# Help with MythTV and HVR-1250



## Killer_Rubber_Ducky (Mar 18, 2011)

Hi, I just built an HTPC for Linux and I can't get my free digital cable to work with my Tuner card. The specs are: ASRock mini-ITX with AMD Zecate E-350 (AMD ATI Radeon HD 6310), 2GB 1066 DDR3, 1TB Hitachi HDD, Hauppauge HVR-1250 PCIe.

My Cable company is Metrocast Starkville MS. Im assuming the cable is the same regardless.
I called the Cable company and they claim they do not know their Modulation or Frequency settings for Extended Basic Cable over QAM. 
I have the current settings available in MythTV: 
QAM-64, QAM-128, QAM-256, VBV-8, Terestrial
Cable, Cable High, Cable HRC High, Cable IRC High
It is running Ubuntu 10.10 x86


What do I need to do cause Ive tried just about every setting and it says timed out or locked.


----------



## Athlon2K15 (Mar 18, 2011)

install windows problem solved


----------



## CJCerny (Mar 18, 2011)

The HVR-1250 can do NTSC, Clear QAM, and ATSC. That means you should be able to receive the analog channels from your cable as well as any Clear QAM channels they might have.
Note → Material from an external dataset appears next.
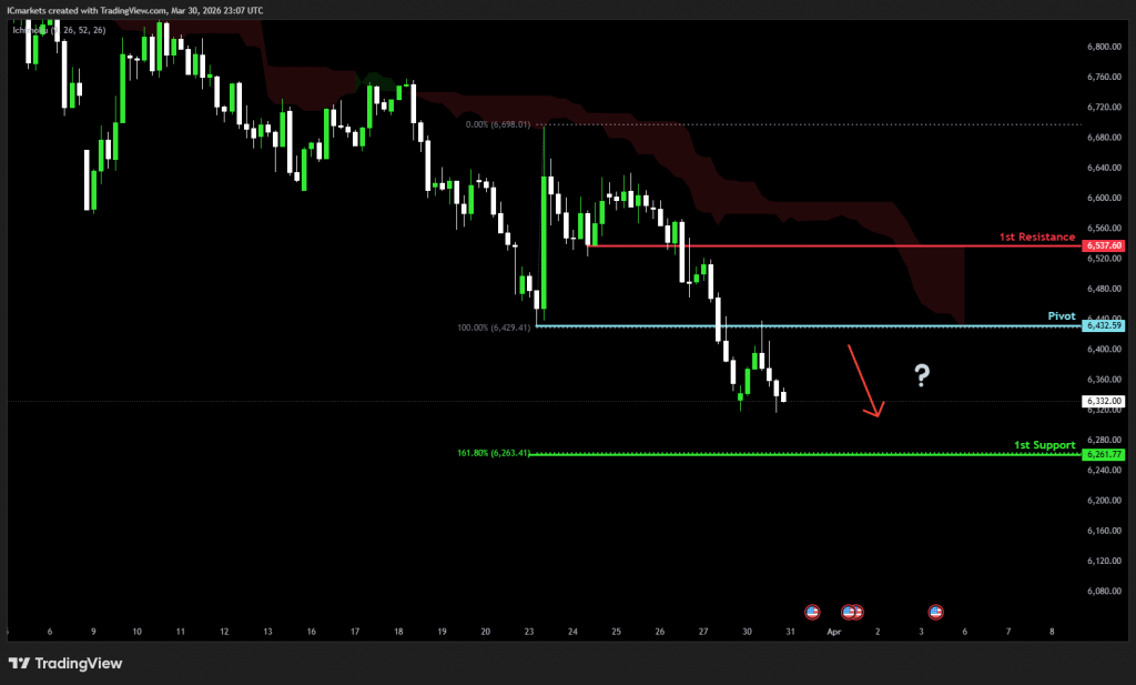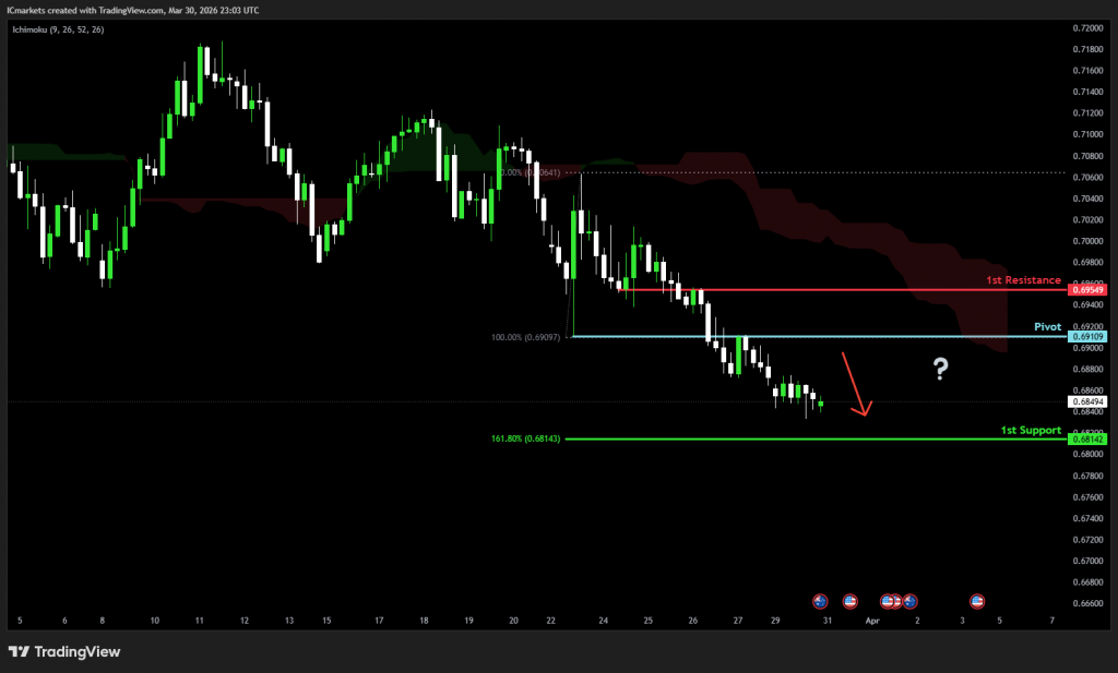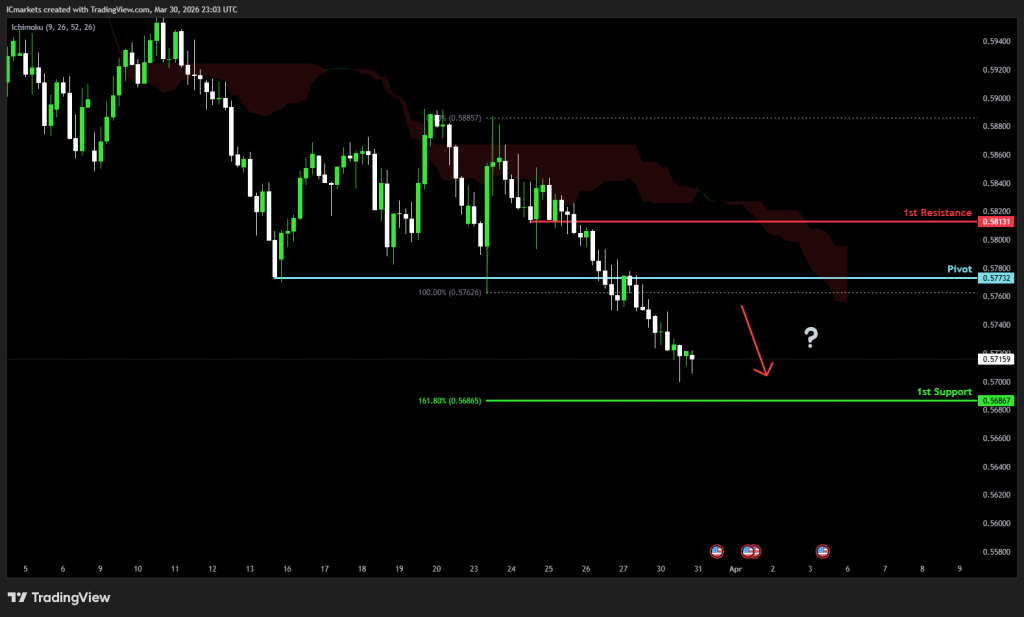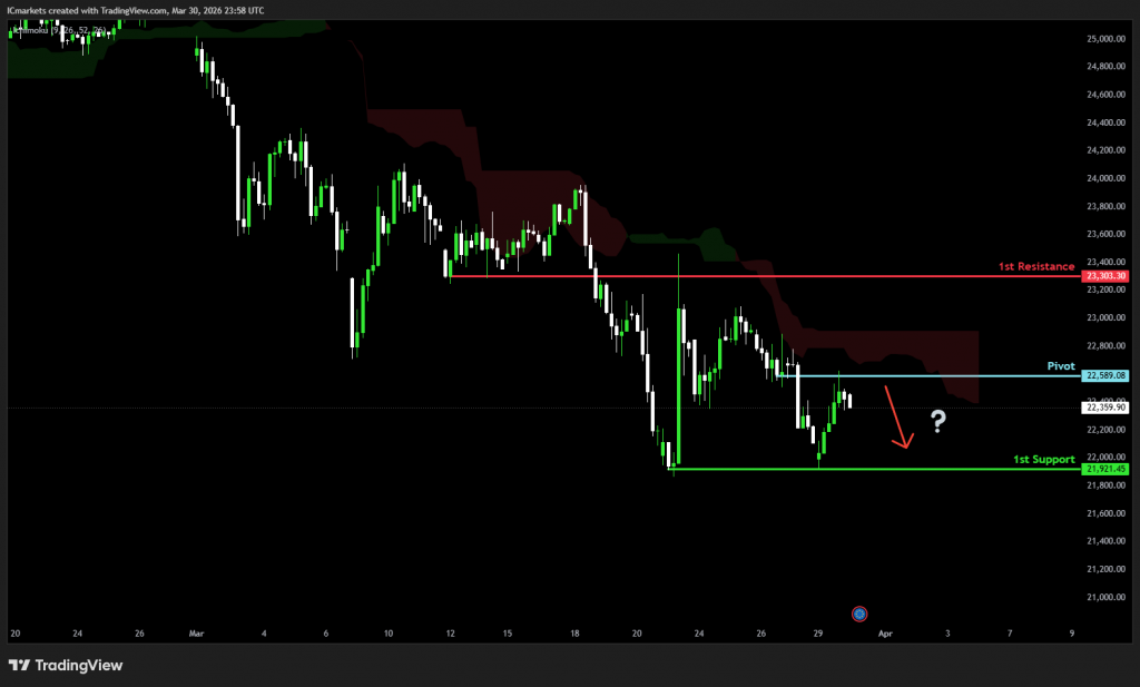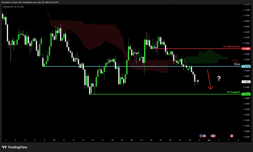 The price could see a short-term pullback toward the pivot before continuing its bearish move down toward the 1st support.

ATSC is out because you have cable, not an antenna. Have you bothered to figure out what the NTSC and Clear QAM channels are from your cable provider yet? That's a good place to start. Once we know what you can legitmately receive, then we have some way of troubleshooting where the problem is. The NTSC channels are typically 2-69 or so on most cable providers. Additionally, all cable providers are legally bound to provide Clear QAM versions of the HDTV channels that you could receive with an antenna on their cable. Nothing else will likely be clear and you will not be able to tune it.


----------



## erocker (Mar 18, 2011)

Killer_Rubber_Ducky said:


> two possible solution groups to gleen from. I mean, it is a system builder issue and a Linux issue.
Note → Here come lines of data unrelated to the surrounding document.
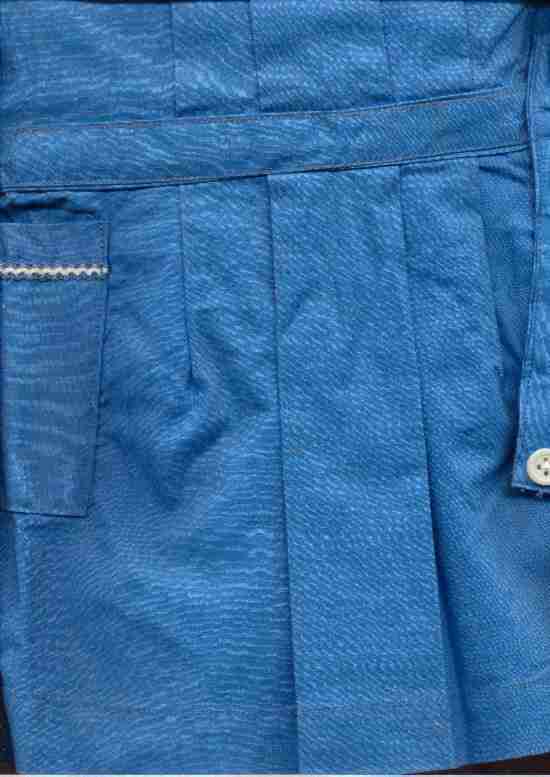 Some French school smocks had pleats. Most did not have pleats, but some did. We are not sure when smocks were first made with pleats. The first pleated smocks we have noted were in the 1920s, but there could have been introduced somewhat earlier. The limited information HBC has on early French school smocks providees no indication of pleating. We have noticed pleating on both boys' and girls' smocks in the 1920s. By the 1950s pleating was reportedly more common on boys' than girls' smocks. The pleating on boys' smocks tended to be very large pleats while girls' might have larger numbers of smaller pleats. Some girls smocks used a gathering technique rather than pleats.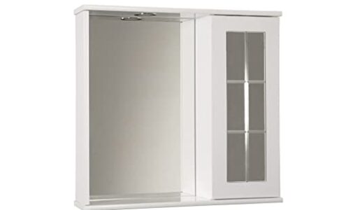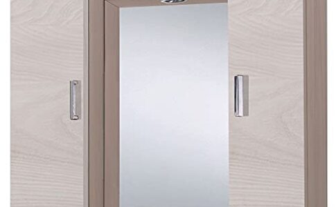 Specchiera Bagno con Pensile, Specchio Bagno con Mobile Verticale – Specchio Bagno con Luce e Armadietto – Compreso di Luce Led Specchio Bagno Luce e Vano Contenitore 1 Anta (120 cm)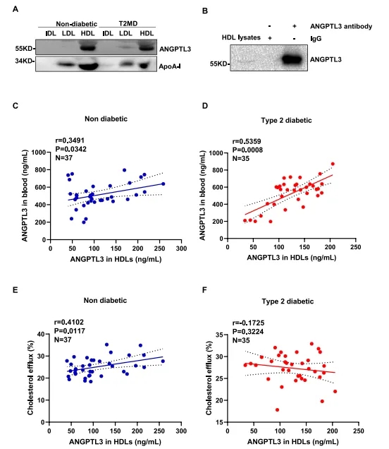 研究者從非糖尿病受試者和T2DM患者的血漿中分離脂蛋白組分,并通過蛋白質印跡法和免疫共沉淀,確定ANGPTL3在很大程度上與HDL結合,并且在非糖尿病受試者中,HDL中的ANGPTL3水平與膽固醇流出的百分比以及低密度脂蛋白呈正相關,但在T2DM患者中沒有。隨后,研究者使用Pearson相關分析檢測了HDL中的的ANGPTL3和HDL其他成分之間的相關性,發現HDL中的ANGPTL3和其他HDL成分(apoA-I)之間的相關性在女性非糖尿病受試者和T2DM患者之間存在差異。在女性非糖尿病受試者中,HDL中的ANGPTL3和apoA-I呈正相關,而在女性T2DM患者中,HDL中的ANGPTL3與apoA-I則呈負相關。

No, like everyone else, one thread per topic.


----------



## Easy Rhino (Mar 18, 2011)

i think it has more to do with the fact that your tuner card has to be registered with the cable company to get access. that is, if they use a digital box tuner then it is probably encrypted.


----------



## CJCerny (Mar 18, 2011)

I guess the point I'm trying to make is that I sniffed a major fail in this project right from the start. You stated that you have digital cable and it sounds like you are hoping to tune all of the channels you receive with a tuner card. That will never happen. Not with a different tuner card, hardware, or a different OS. The cable company encrypts the digital channels (probably everything above 69) and you simply cannot build any kind of DVR (other than one that uses a Cable Card) to decrypt those channels at this point in time.


----------



## Easy Rhino (Mar 18, 2011)

apparently if you hook your PVR up to your digital set top box using component cables then you should be able to record everything that way.


----------



## CJCerny (Mar 18, 2011)

Easy Rhino said:


> apparently if you hook your PVR up to your digital set top box using component cables then you should be able to record everything that way.
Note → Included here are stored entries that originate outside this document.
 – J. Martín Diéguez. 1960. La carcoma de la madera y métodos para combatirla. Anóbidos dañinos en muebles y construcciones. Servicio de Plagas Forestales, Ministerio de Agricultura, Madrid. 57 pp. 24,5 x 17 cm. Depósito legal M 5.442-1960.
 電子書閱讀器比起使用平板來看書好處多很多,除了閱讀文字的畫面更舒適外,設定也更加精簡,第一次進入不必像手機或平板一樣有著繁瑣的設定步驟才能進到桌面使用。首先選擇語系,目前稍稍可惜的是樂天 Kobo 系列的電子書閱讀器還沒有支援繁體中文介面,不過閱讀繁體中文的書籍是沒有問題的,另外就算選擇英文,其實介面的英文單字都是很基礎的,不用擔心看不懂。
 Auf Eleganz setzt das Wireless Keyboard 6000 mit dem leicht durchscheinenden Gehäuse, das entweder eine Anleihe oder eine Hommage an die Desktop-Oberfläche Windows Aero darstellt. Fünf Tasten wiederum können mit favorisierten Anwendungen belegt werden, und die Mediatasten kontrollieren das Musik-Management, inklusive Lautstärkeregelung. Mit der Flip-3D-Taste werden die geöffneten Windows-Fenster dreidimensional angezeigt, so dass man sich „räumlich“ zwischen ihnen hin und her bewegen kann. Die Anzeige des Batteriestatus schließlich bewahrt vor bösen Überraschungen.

It's not a DVR at that point. It's just an analog capture card, which he does not have. He would still have to run the DVR functions from his cable box, not his HTPC.


----------



## Killer_Rubber_Ducky (Mar 18, 2011)

Easy Rhino said:


> i think it has more to do with the fact that your tuner card has to be registered with the cable company to get access. that is, if they use a digital box tuner then it is probably encrypted.



It is straight from the wall no box. Came with the apartment. My other TV tuner card works fine.

There is no digital decoder box. I will post the Channel list soon. I get Extended Basic free with rent.


----------



## Easy Rhino (Mar 18, 2011)

no digital encryption? so they use clearQAM ?


----------



## Killer_Rubber_Ducky (Mar 18, 2011)

Here is the channel line up. Remember, I have Extended Basic. we get ClearQAM.


----------



## Easy Rhino (Mar 18, 2011)

this may be a linux issue even though i know that myth tv and hauppage tuners should work well together. it seems to me that if you are getting the unencrypted signal then the OS is not uncompressing the signal properly.


----------



## CJCerny (Mar 18, 2011)

Killer_Rubber_Ducky said:


> Here is the channel line up. Remember, I have Extended Basic. we get ClearQAM.



Okay, there is hope. Your first post said digital cable. Analog cable and Clear QAM we can tune.


----------



## Easy Rhino (Mar 18, 2011)

CJCerny said:


> Okay, there is hope. Your first post said digital cable. Analog cable and Clear QAM we can tune.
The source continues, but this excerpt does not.